New Zealand District Court judge

Frances Jean Eivers is a New Zealand District Court judge; she is Māori and is a member of the Ngāti Maniapoto iwi. In October 2021 she was appointed Children's Commissioner for New Zealand.

== Biography ==
Eivers was born and brought up in Te Teko in the eastern Bay of Plenty. She began her legal career in 1985, when she was admitted to the bar in the Auckland High Court. She has worked as a solicitor both in England and New Zealand, specialising in family law. In November 2000 she was appointed Counsel for the Child and in 2004 was appointed a Youth Advocate. Eivers was appointed a District Court judge with a Family Court warrant in 2009. She was sworn in as a judge at a ceremony held at her home marae, Te Teko's Kokohinau Marae. In addition, she has presided over Rangatahi Courts, which hear cases involving young Māori people.

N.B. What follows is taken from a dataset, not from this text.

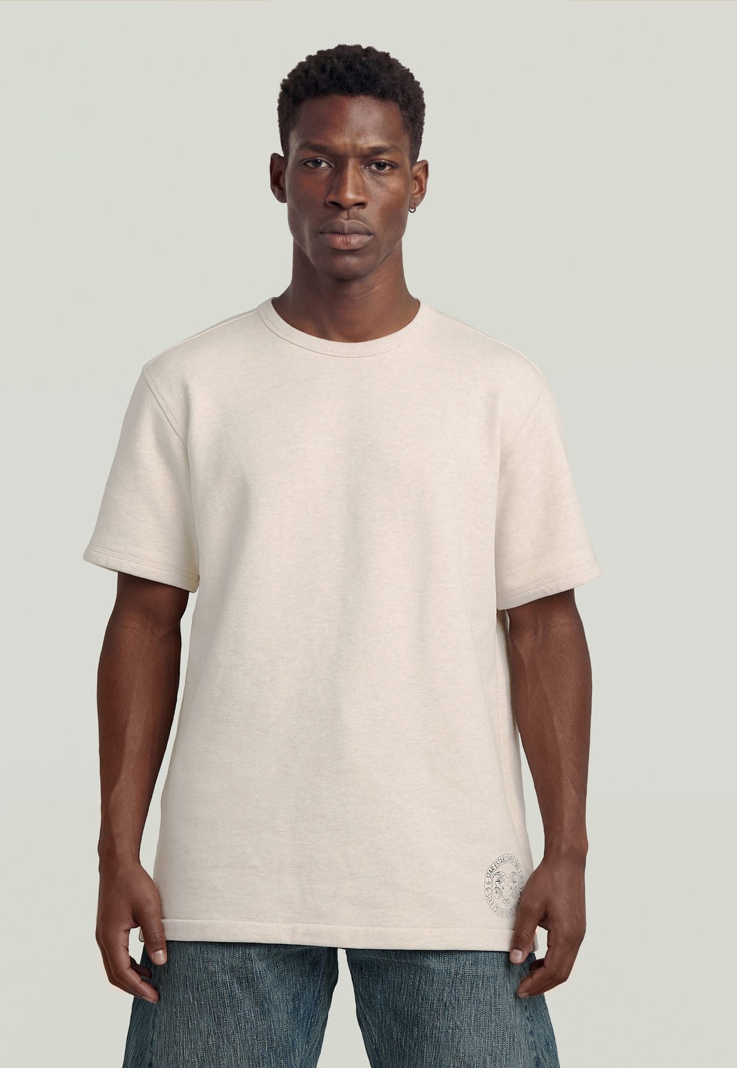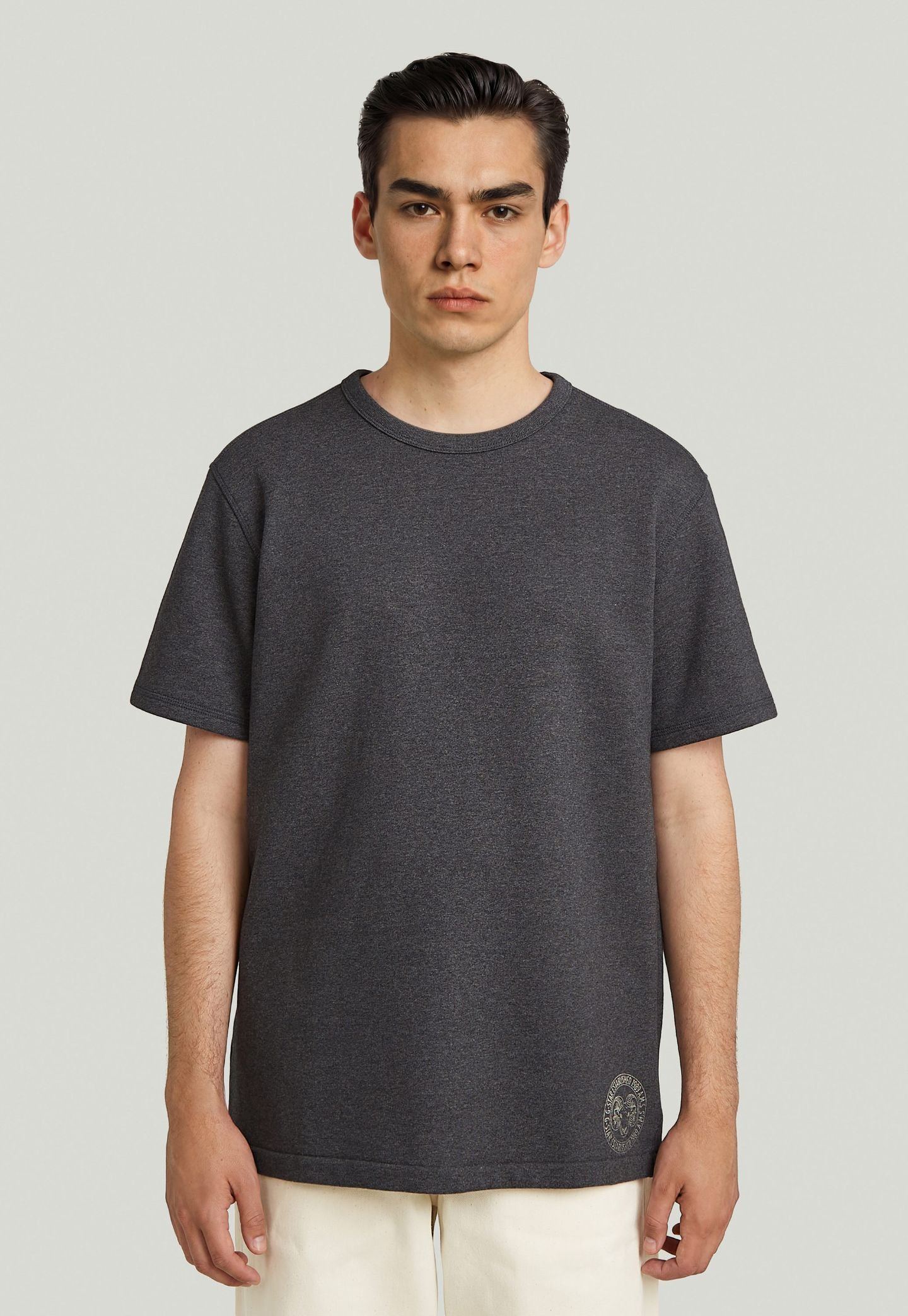טי-שירט לגברים מבית המותג G-STAR, בהשראת גופיות צבאיות מתחילת המאה ה־20 שהפכו עם השנים לפריט בסיס יומיומי.
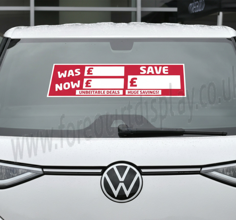 Reference: A54695Introducing our stunning Red car sales signs car decal that features a vibrant design, bringing life and color to your car sales environment! This eye-catching decal is crafted with a satin finish that eliminates reflections while enhancing color intensity. With a built-in adhesive, it ensures easy application on any flat surface and boasts a remarkable durability of 8-10 years. The Red car sales signs car decal is not only resistant and washable but also customizable, giving you the flexibility to choose the dimensions that fit your needs perfectly!

Eivers was a founding member of Te Huinga Roia (Māori Law Society) and serves as a mentor to law students at the University of Auckland Law School.

In October 2021 she was appointed Children's Commissioner. Eivers served in that role until the Children's Commissioner was replaced by the Children and Young People's Commission in July 2023. She subsequently served as the first Chief Children's Commissioner in the Commission until 31 October 2023.